EXERCISE DIRECTIONS: Take the lines of the data below from the very first through the line containing "Joshua is driving" and output them exactly, pictures excluded.

Records contained in a dataset
******

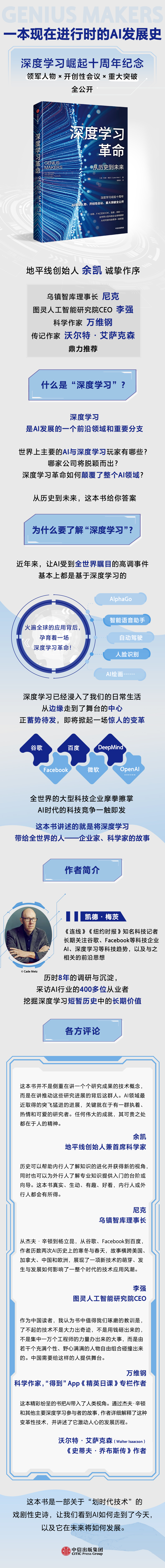 3.《连线》《纽约时报》科技记者历时8年的调研与沉淀,采访行业相关400多人,深入挖掘深度学习短暂历史中的长期价值。地平线创始人余凯诚挚作序,尼克、李强、万维钢、沃尔特·艾萨克森等人鼎力荐。
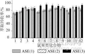 圖2 不同加速溶劑萃取條件下的樣品回收率
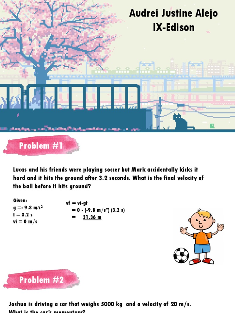Joshua is driving a car that weighs 5000 kg and a velocity of 20 m/s.
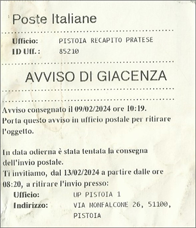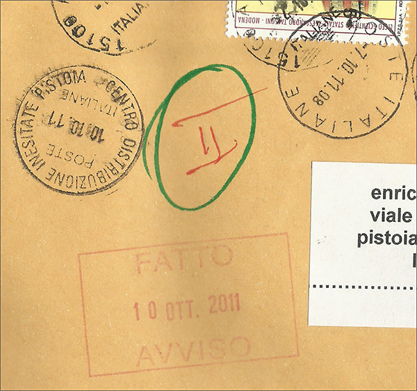 PERCORSO: le schede > Gli uffici postali della provincia di Pistoia > questa pagina > Uffici di posta di Pistoia e provincia Abbiamo visto la trasformazione attuata nella struttura postale agli inizi di questo millennio da parte di Poste Italiane anche nella provincia pistoiese. https://www.ilpostalista.it/pistoia/931.htm Per il capoluogo, dopo una prima separazione fisica degli uffici centrali pistoiesi, con l’ufficio postale di Pistoia C.P. (Corrispondenza e Pacchi) trasferito dai locali della sede centrale cittadina, ove è presente anche la Direzione Provinciale, alla nuova sede in Via Cellini in località S. Agostino, prima periferia e località a vocazione industriale, in cui variò la propria denominazione in C.P.O. (Centro Postale Operativo), nei primi anni duemila si costruì ad hoc una nuova sede pluriservizi poco distante (Via Pratese). Attuale sede dei locali di recapito di Pistoia in Via Pratese (immagine satellitare tratta da Google Map). Con la nuova struttura, da cui dipendono i portalettere e i vari servizi accessori di distribuzione, si dovette adeguare anche tutta la documentazione accessoria compresi i timbri in dotazione ai vari servizi. Ad oggi, dopo una ulteriore restrizione dei timbri datari (non più usati per data-certare i documenti circa dal 2017) e le “gite” dei postini ridotte in settimana a giorni alterni di consegna, è diventato raro l’utilizzo del timbro datario. Intanto fin quando la consegna era giornaliera il postino nella consegna delle raccomandate ci provava almeno due volte in successione; lasciava un avviso e annotava le gite a vuoto sull’oggetto postale da consegnare. A corroborare la mancata presenza del destinatario venivano apposti anche timbri dall’ufficio distributivo. Esempio delle annotazione delle due gite effettuate dal postino con assenza del destinatario. Corrispondenza proveniente da Asti (Cap 15100) con timbratura del 7/10/2011 per la mancata consegna in quella data; annotazione in rosso cerchiato di verde della seconda gita effettuata, timbro in cartella rettangolare FATTO AVVISO per la seconda gita a vuoto il 10/10 e consegna all’ufficio PISTOIA CENTRO DISTRIBUZIONE INESITATE, sito nello stesso plesso e aperto al pubblico, per il ritiro in giacenza dell’oggetto postale. Fino a qualche anno fa per rendere evidente il percorso reiterato della missiva si apponeva un timbro datario generico POSTE ITALIANE. Secondo le notizie raccolte da Alcide Sortino la trasformazione dell’ufficio pistoiese di distribuzione ha avuto un duplice passaggio, con la trasformazione del CDM (Centro Distribuzione Master) con frazionario assegnato 85/210 in CPD (Centro Primario Distribuzione) a fine 2006 con nuovo frazionario 85/212. Tabella storico postale di Alcide Sortino. Come si può notare l’ufficio di distribuzione ha assunto la denominazione RECAPITO PRATESE mutuando il nome della strada da cui si accede al plesso (così come in precedenza il CPO in Via Cellini ne aveva anch’esso preso la indicazione, tanto che i pistoiesi dicevano “vado al Cellini” quando vi si recavano). Anche oggi quando viene lasciato un avviso di recapito per mancata consegna l’indicazione dell’ufficio di distribuzione mantiene la primigenia dizione PISTOIA RECAPITO PRATESE con il suo originario numero frazionario 85/210. Attualmente non essendo più operativo presso il plesso il servizio di giacenza per le inesitate , questo viene appoggiato sull’ufficio postale generalmente più vicino all’indirizzo di consegna. I locali del centro distributivo, ospitando più servizi attinenti, oltre ad un ufficio postale aperto al pubblico (Pistoia 5), hanno avuto, come detto, sezioni e funzioni operative varie, talvolta mantenendo, come vedremo nel catalogo dei timbri, la dizione operativa di C.P.O. (Centro Postale Operativo) anche quando questa denominazione era già sorpassata da una nuova struttura organizzativa. Enrico Bettazzi CATALOGO SEGNI UTILIZZATI NELLE DIDASCALIE Ω immagine del corno postale * asterisco * stella ▫ altro motivo Ringraziamo per le notizie e le immagini forniteci A. Sortino, A. Caroli, M. De Lorenzo, M. Biondi, E. Nappini.
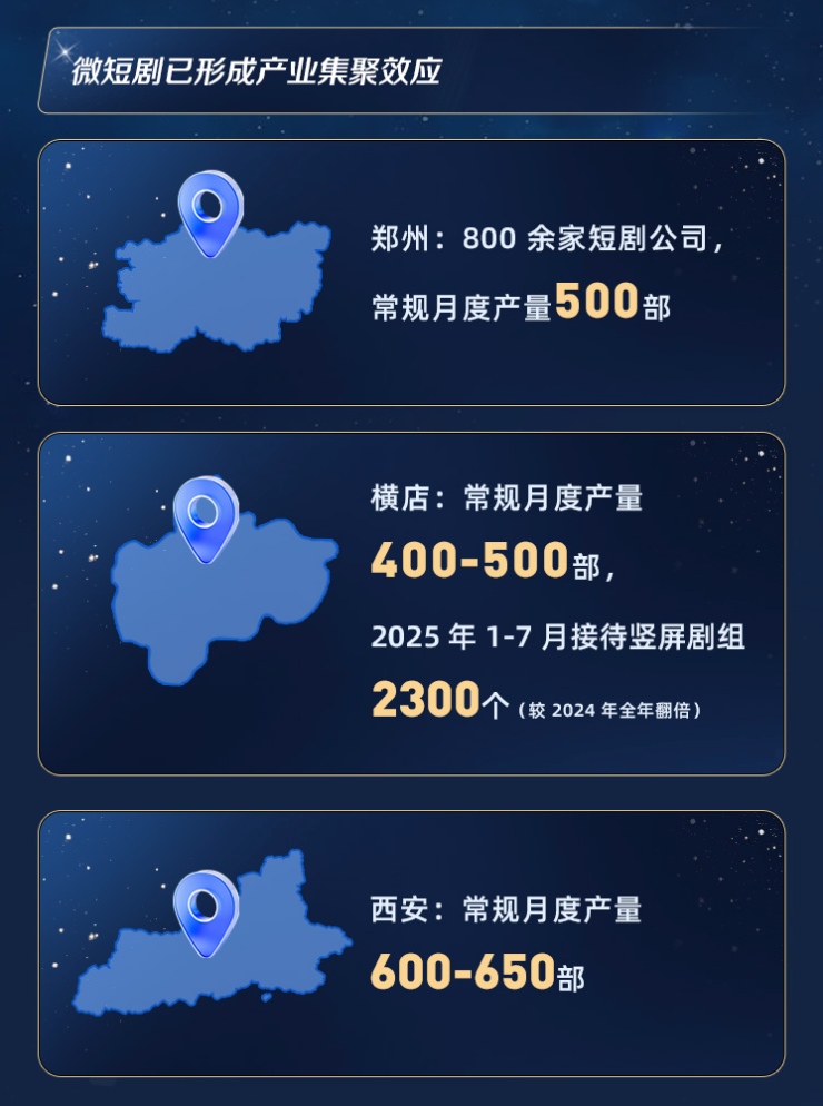 數(shù)據(jù)顯示,全國短劇月度產(chǎn)量已穩(wěn)定在約3000部,并在區(qū)域分工趨勢下,帶動就業(yè)從一線城市向中西部擴散。鄭州、西安、橫店等地,正成為這一產(chǎn)業(yè)地理格局的重要支點。
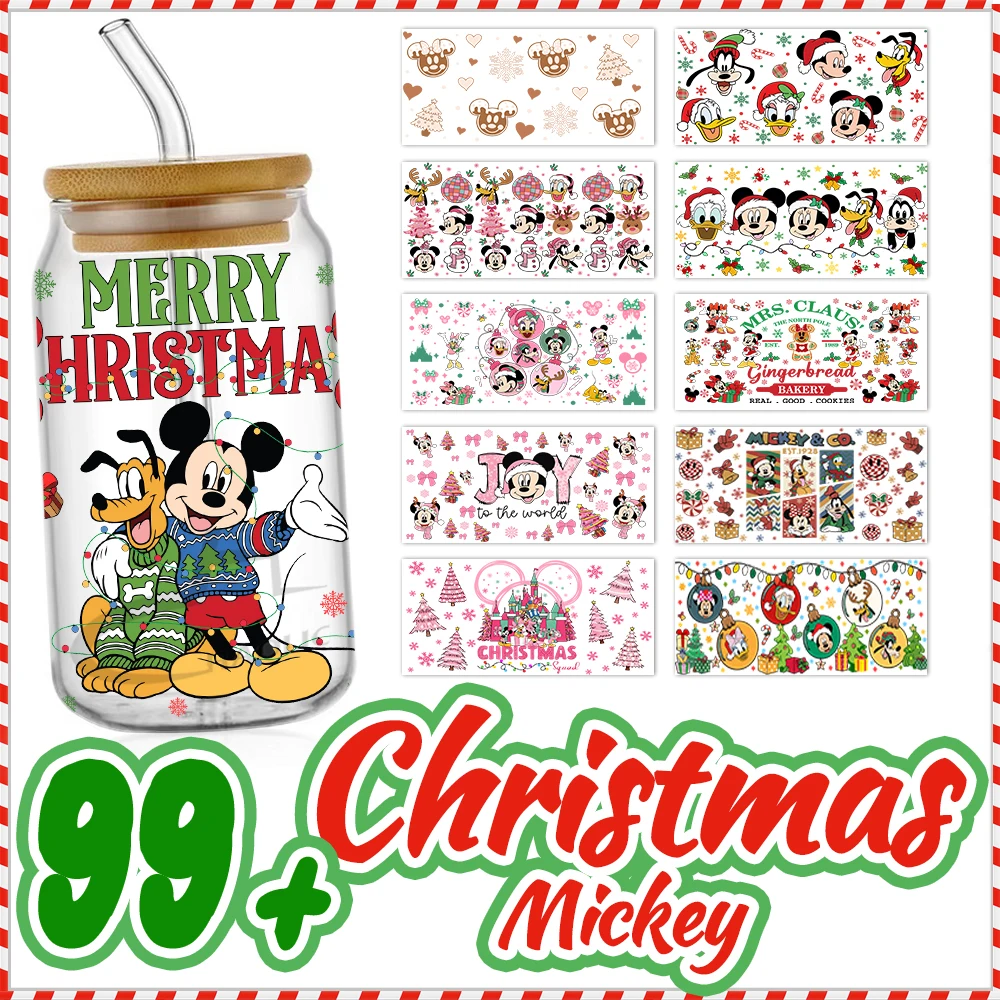 Mickey Christmas 16oz UV DTF Cup Wrap Libbey Glass Plastic Beer Can Tumbler Transfer Stickers Waterproof Permanent Adhesive
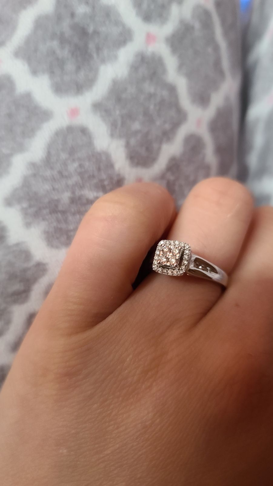 Diamond Halo Cluster Ring in 10K White and Rose Gold (0.25ct tw)
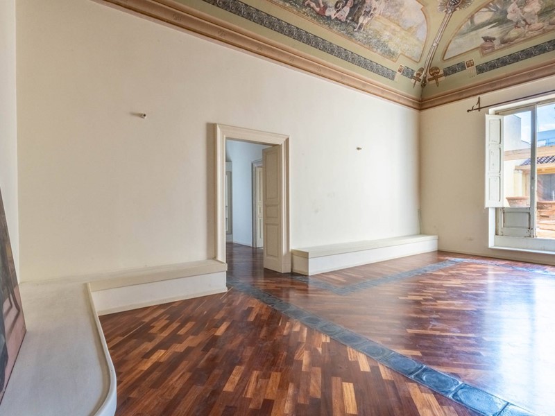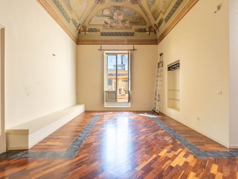 Da Piazza Anime dopo un ampio androne si accede al primo piano su un ampio soggiorno con volte a botte affrescate e firmate, vi è anche uno splendido terrazzo a livello di 80mq circa, decorato con vasi e fontana in cotto fiorentino. Sullo stesso terrazzo vi è una dependance di 30mq con bagno privato, pavimento in cementine d'epoca e tetto in legno.
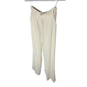 SNDYS Roma Pants Trouser Satin Wide Leg High Rise Minimalist Classy Ivory Sz XS

******

FINISHED EXERCISE:
 3.《连线》《纽约时报》科技记者历时8年的调研与沉淀,采访行业相关400多人,深入挖掘深度学习短暂历史中的长期价值。地平线创始人余凯诚挚作序,尼克、李强、万维钢、沃尔特·艾萨克森等人鼎力荐。
 圖2 不同加速溶劑萃取條件下的樣品回收率
Joshua is driving a car that weighs 5000 kg and a velocity of 20 m/s.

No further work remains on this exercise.